● **WHAT YOU NEED TO DO**
Retype exactly what runs from the first line of the data to the line with "3月30日16時0分、広島地", keeping both of those lines and skipping pictures.

Records contained in a dataset

↓

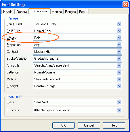 In the General tab set the Classification Weight to Bold.
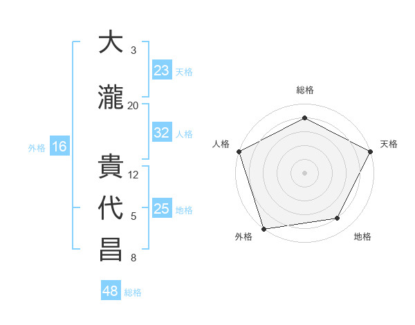 大瀧 貴代昌さんを姓名の画数から五運を鑑定
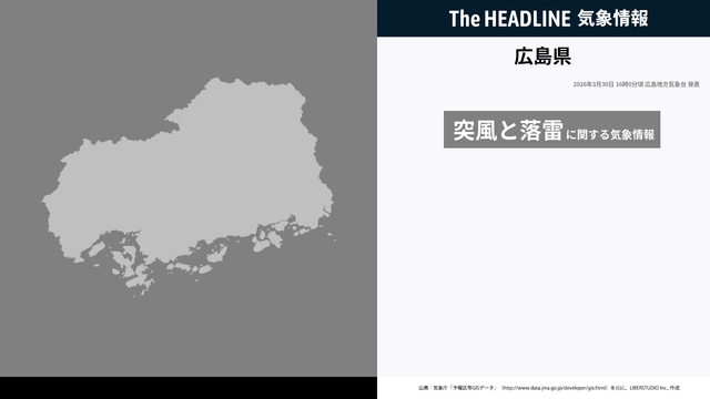 3月30日16時0分、広島地方気象台は、広島県に発表されている警報・注意報の経過、予測、防災上の留意点などを解説するために発表していた気象情報を更新した。
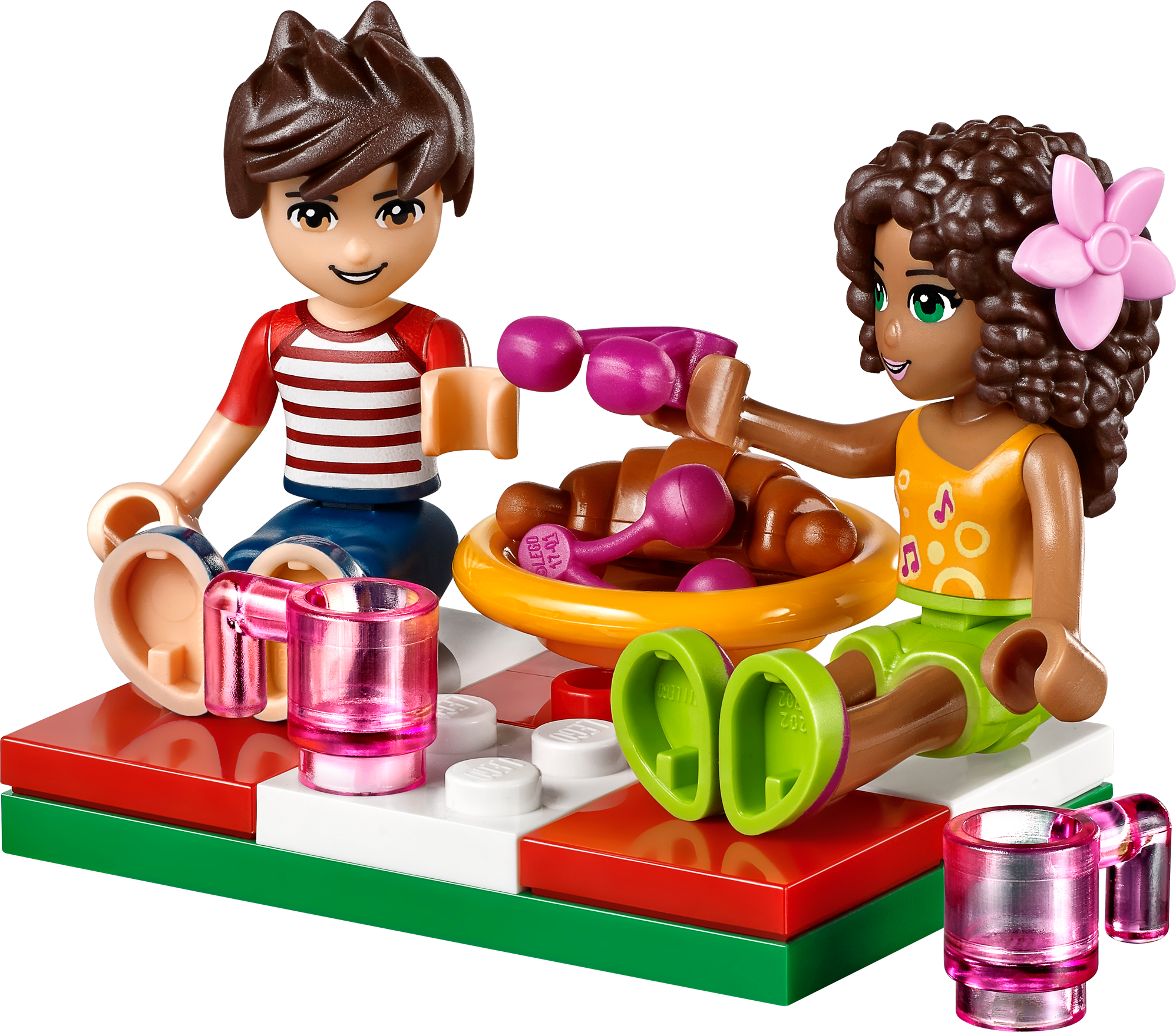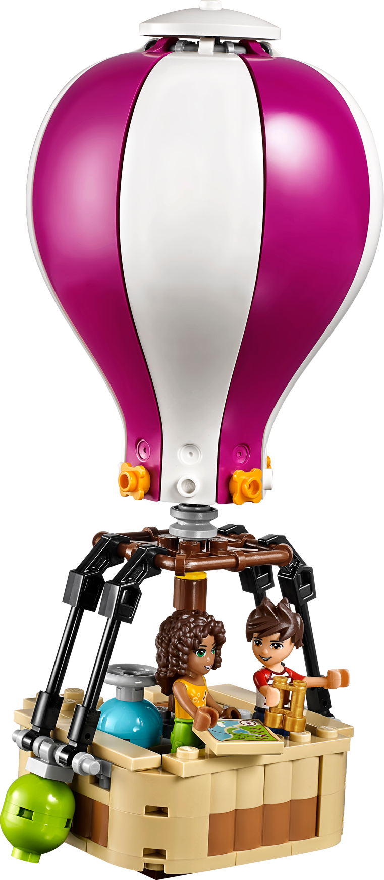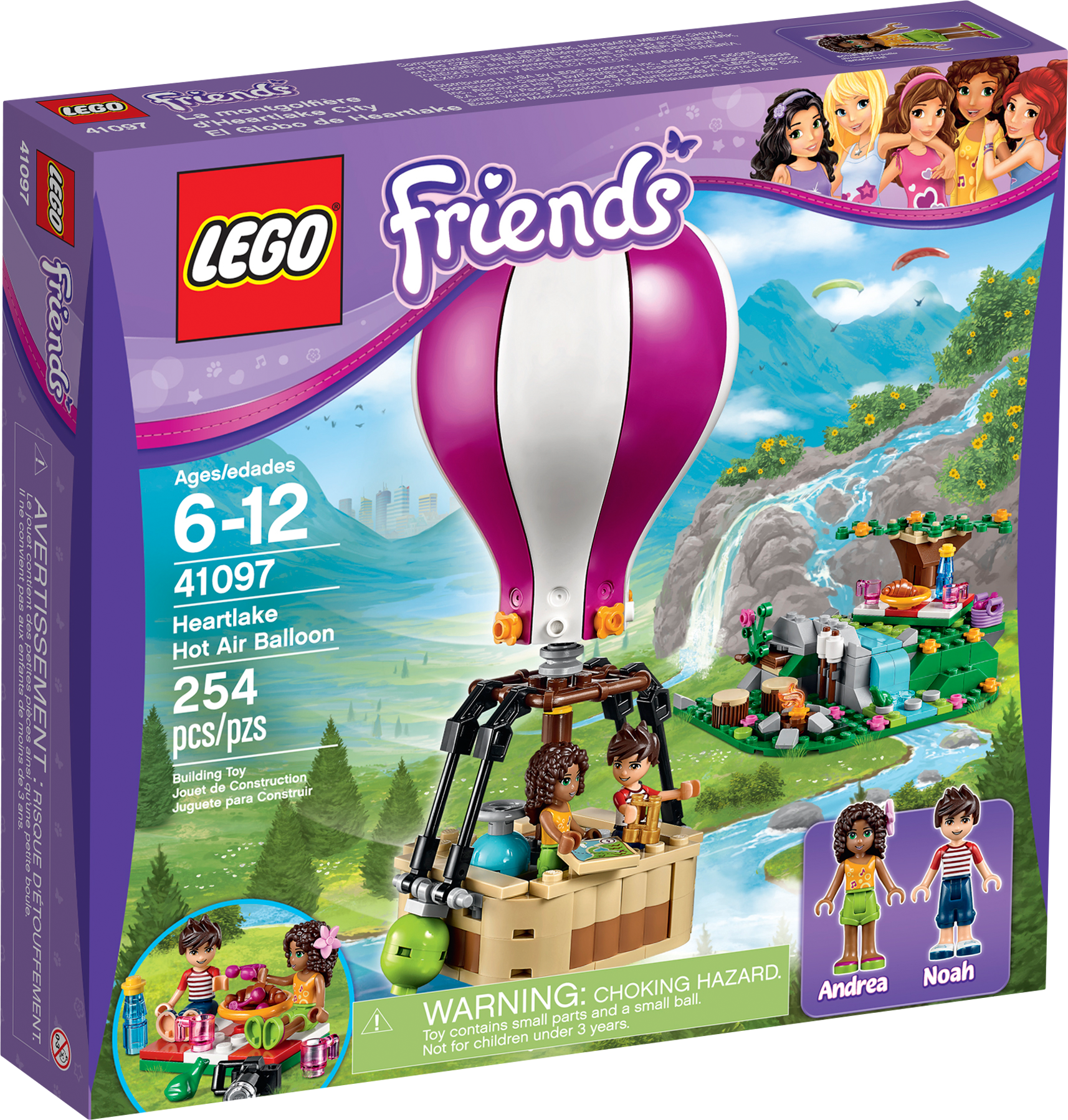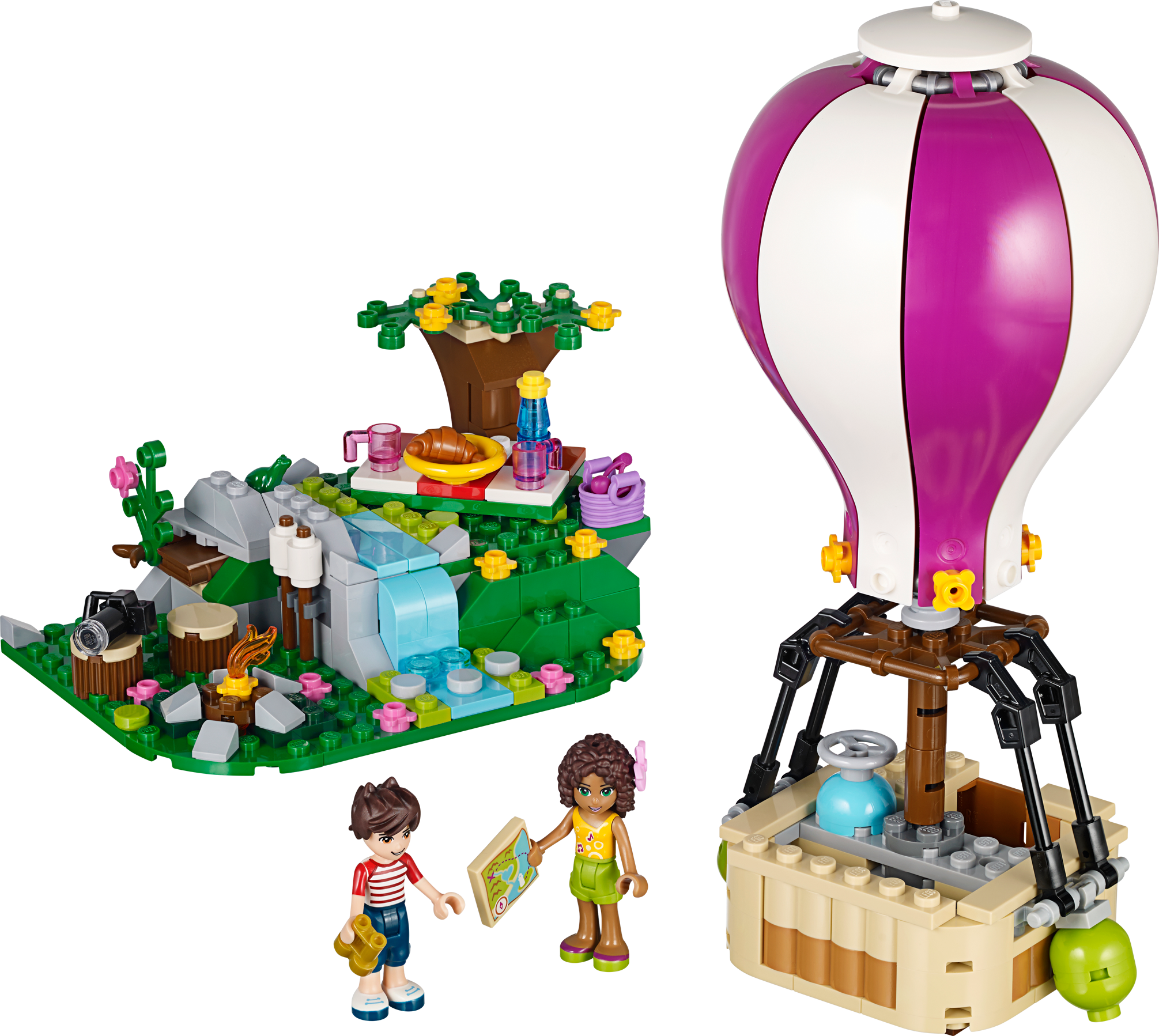 Take a trip in the Heartlake Hot Air Balloon to find the perfect picnic spot! Go up, up and away in the Heartlake Hot Air Balloon for an amazing view of Heartlake City. Fly up to the clouds with Andrea and Noah as they try to find a quiet spot for a picnic. Use the map and binoculars to find the perfect place, then carefully land the Hot Air Balloon beside the waterfall. Now set up a picnic blanket and enjoy a croissant and cherries in the sunshine or toast marshmallows by the campfire. Then it’s time for some exploring – who know what treasures you’ll find! Combine withthe 41094 Heartlake Lighthouse for more sightseeing fun in Heartlake City. Includes 2 mini-doll figures: Andrea and Noah. Includes 2 mini-doll figures: Andrea and Noah Features a Hot Air Balloon with basket and a picnic spot with a waterfall and tree Accessories include a gas bottle, sandbags, picnic blanket, plate, croissant, cherries, water bottle, campfire, marshmallows, hair flower, frog, treasure map, binoculars, camera, bag, book and a medallion Soar above Heartlake City on a beautiful Hot Air Balloon ride Set up a delicious picnic and toast marshmallows on the campfire Explore the waterfalland discover the secret treasure Hot Air Balloon measures over 7” (19cm) high, 2” (6cm) long and 2” (6cm) wide Picnic spot measures over 2” (6cm) high, 4” (12cm) wide and 3” (9cm) deep Combine with the 41094 Heartlake Lighthouse for more sightseeing fun with the LEGO® Friends
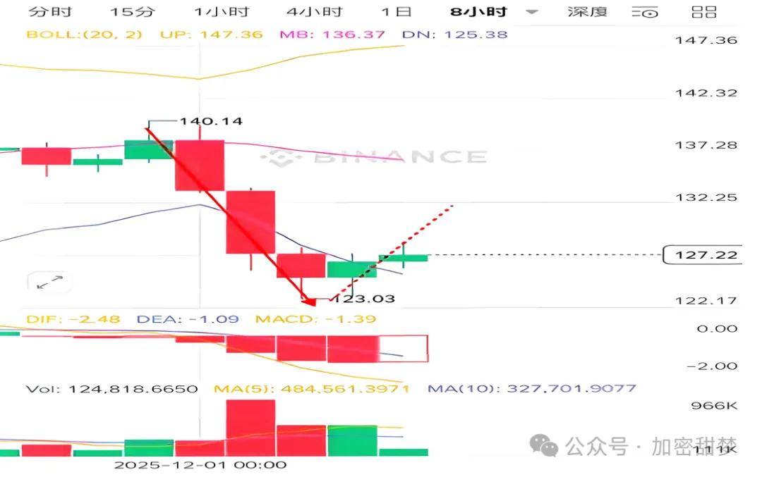SOL140-123是一个完整的波段,已经走完。如果重新再空,等反弹131.5-133.5再空比较合适。
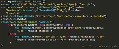 這段代碼構(gòu)造一個XHR對象的實(shí)例request,并用它來建立異步請求。在onreadystatechange事件中,我們發(fā)現(xiàn)有readyState與status兩個屬性,其中readyState獲取AJAX狀態(tài)值,其值與含義如下:
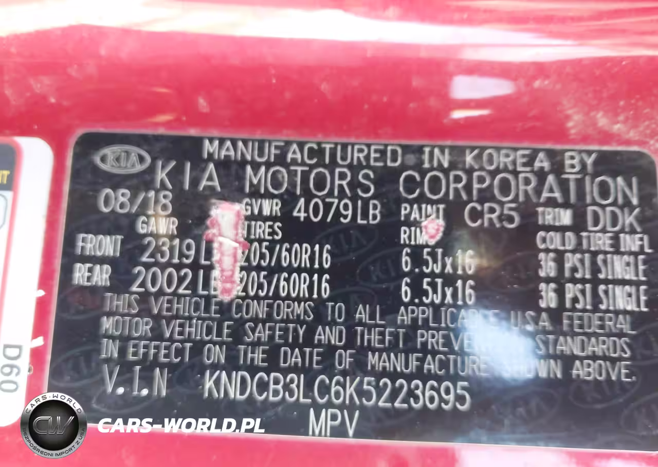 IAAI Nr: I-43683024 VIN: KNDCB3LC6K5223695 Port: Indianapolis, IN
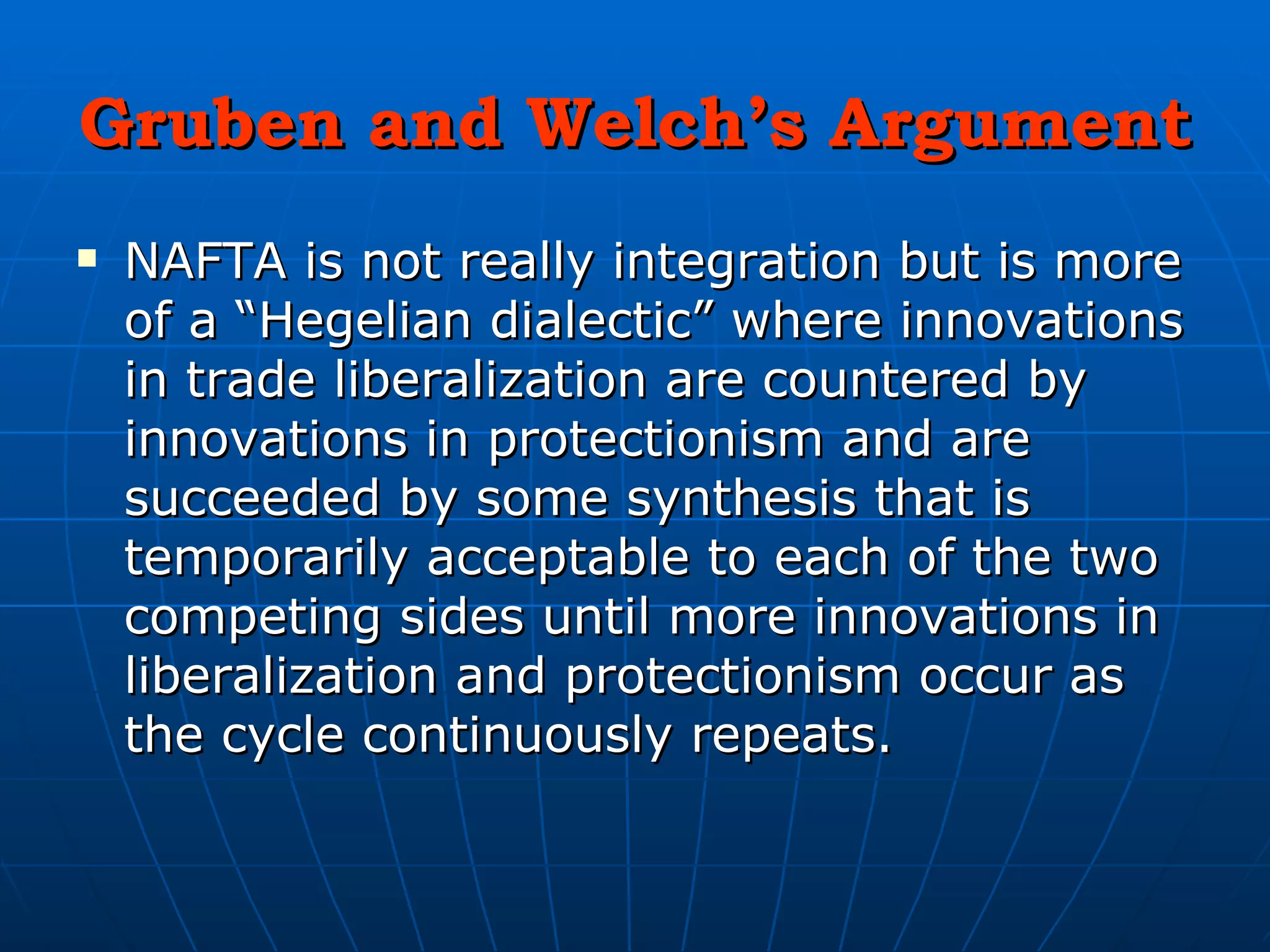 The document discusses Gruben and Welch's argument that NAFTA is better described as a "Hegelian dialectic" of liberalization and protectionism rather than true economic integration. The authors claim NAFTA liberalizes trade to some extent but also includes protections for sensitive industries. Critics argue the examples of protectionism are weak and NAFTA has led to more integration and liberalization in North America, weakening the Hegelian dialectic view.
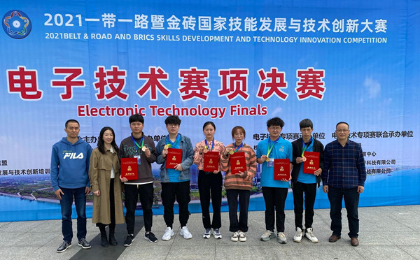新闻网讯2021一带一路暨金砖国家技能大赛电子技术赛项国内赛决赛于10月11日—13日在湖北枝江职教中心举行,来自全国各类职业院校43支队伍参加比赛。MILE米乐官网MILE米乐集团组织参赛队参加该赛项,经过连续5个小时的激烈角逐,应用电子技术专业裴贤、周紫欣、卢存勇荣获高职组团体一等奖,付欢、李宁峰、刘勇军荣获高职组团体三等奖。
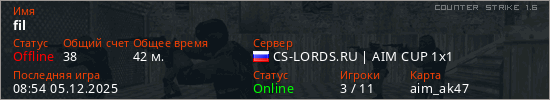 Играет на Counter Strike 1.6 сервере. Страна: РоссияПервый раз замечен 10:04 24.08.2024
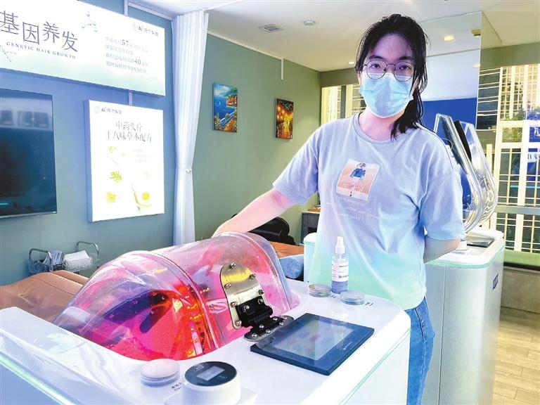 Wei Jie claudiamente@hotmail.com IT was 12:30 p.m. on a Friday, and the elevators in office buildings in the Futian central business district (CBD) were crowded with people on their lunch breaks, as usual. Unlike a typical weekday when she would dine out, 28-year-old Liu Linwei headed straight to the Jinzhonghuan Business Center, located just south of the Greater China International Exchange Plaza on Jintian Road, where her company is based. Her newly discovered “secret lunch break base” is on the ninth floor of the Jinzhonghuan building. The moment she laid down on an automated hair-washing machine, two robotic arms started massaging her scalp with water at varying intensities, which she could adjust to her comfort. Shortly afterward, she received a scalp test report on her mobile phone. “It feels just as comfortable as having my hair washed manually at a traditional salon, yet it saves a lot of time,” said Liu. Emergence of AI hair-washing stores This scene has been staged at various locations throughout Shenzhen, particularly in Futian, Nanshan, Luohu, Longhua, and Bao’an districts, since last year. According to Chinese-language media reports from mid-April, the city currently has more than 500 such AI-powered hair-washing stores, with the highest daily average customer count reaching 62. The AI-powered hair-washing store that Liu frequents opened in September 2024 and features two such machines. The store averages about 50 customers per day, said the store manager, who identified himself only by his family name Zhang. According to Zhang, store staff will conduct a professional scalp health test with equipment for each customer prior to the hair wash. Based on the test results, the AI-powered machine automatically selects the appropriate treatment mode — dry or oily scalp — for each customer. The hair-washing device is disinfected after each use, and disposable towels and earplugs are provided, said Zhang, adding that those interested should make a reservation through the store’s WeChat mini-program to secure their preferred half-hour service time slot before visiting. Efficient and affordable After customers lie down on the specially designed machine, which is equipped with massage functions, and choose the washing mode according to the length of their hair, they are asked about their preferred water temperature and washing intensity. The automated hair-washing machine offers three levels of intensity: low, medium, and high. During the hair wash, water jets clean the hair by varying the position and water flow while automatically dispensing shampoo and conditioner. The entire treatment process includes two shampoo cycles, one conditioning cycle, and a final rinse. In addition, the machine features a red light therapy function. The standard process for the long hair mode takes about 15 minutes. After washing, customers can dry their hair using the available options. Currently, the AI hair-washing service costs about 19 yuan (US$2.60) per session, with some online service platforms offering discounts as low as 9.9 yuan. After the machine wash, Liu said that the wash felt “very clean” and the water intensity was stronger than traditional washing methods. “I can feel the water flow mimicking a person massaging. I will definitely come back regularly.” Zhang explained that because the machine uses a direct water flow, the water pressure during washing is stronger than that of traditional manual washing. “That’s precisely why the machine is able to provide a deep cleaning of the customer’s scalp,” he said. Shenzhen-made device The AI-powered hair-washing machine was developed by Shenzhen EAIN Technology Co. Ltd., a high-tech company based in Bao’an District that has focused on producing cloud-based, intelligent, health-related robotic machines since its founding in 2018. The machine features a dual robotic arm design equipped with more than 10 water nozzles to provide a personalized scalp cleansing experience. Users can easily customize key settings such as hair length and washing intensity through a touchscreen interface. After a user lies down on the machine, the robotic arms take over to complete the washing, according to an introduction by Shenzhen EAIN. Infrared sensors adjust the water spray angle in real time to improve coverage and comfort. Hygiene and safety are top concerns for consumers. To address these issues, the developer has incorporated a dual-mode sterilization system that combines ultraviolet light and high-temperature treatment. A sterilization cycle takes just two minutes, ensuring that the device remains sanitary between uses. Wu Wenying, marketing director of EAIN, pointing out a standout feature of the next-generation device, said that its real-time monitoring system employs 128 sensor groups to track the scalp’s micro-environment. This data feeds into a cloud-based algorithm paired with a super-pressurized water circulation system, aiming to enhance washing effectiveness. The AI-powered hair-washing machines have experienced rapid expansion beyond Shenzhen, appearing in other cities like Guangzhou, Guangdong Province, and Fuzhou in Fujian Province. They are typically found in hair care and scalp treatment salons or beauty and body care centers. Some can be found in independently operated pop-up experience shops. Reshaping hairdressing industry? This novel hair-washing experience has attracted a large number of young consumers. Chen Hao, store manager of an AI hair-washing experience store in Bao’an District, said data from his store shows that 79% of consumers are between 20 and 35 years old. Will this emerging smart device reshape the traditional hairdressing industry? A traditional hair salon in Shenzhen Hi-Tech Industrial Park, Nanshan District, reported a significant reduction in labor costs after introducing an AI-empowered washing machine. The store manager, who preferred to remain anonymous, said that his hair care team w

↑

● **EXERCISE OUTPUT**
 In the General tab set the Classification Weight to Bold.
 大瀧 貴代昌さんを姓名の画数から五運を鑑定
 3月30日16時0分、広島地方気象台は、広島県に発表されている警報・注意報の経過、予測、防災上の留意点などを解説するために発表していた気象情報を更新した。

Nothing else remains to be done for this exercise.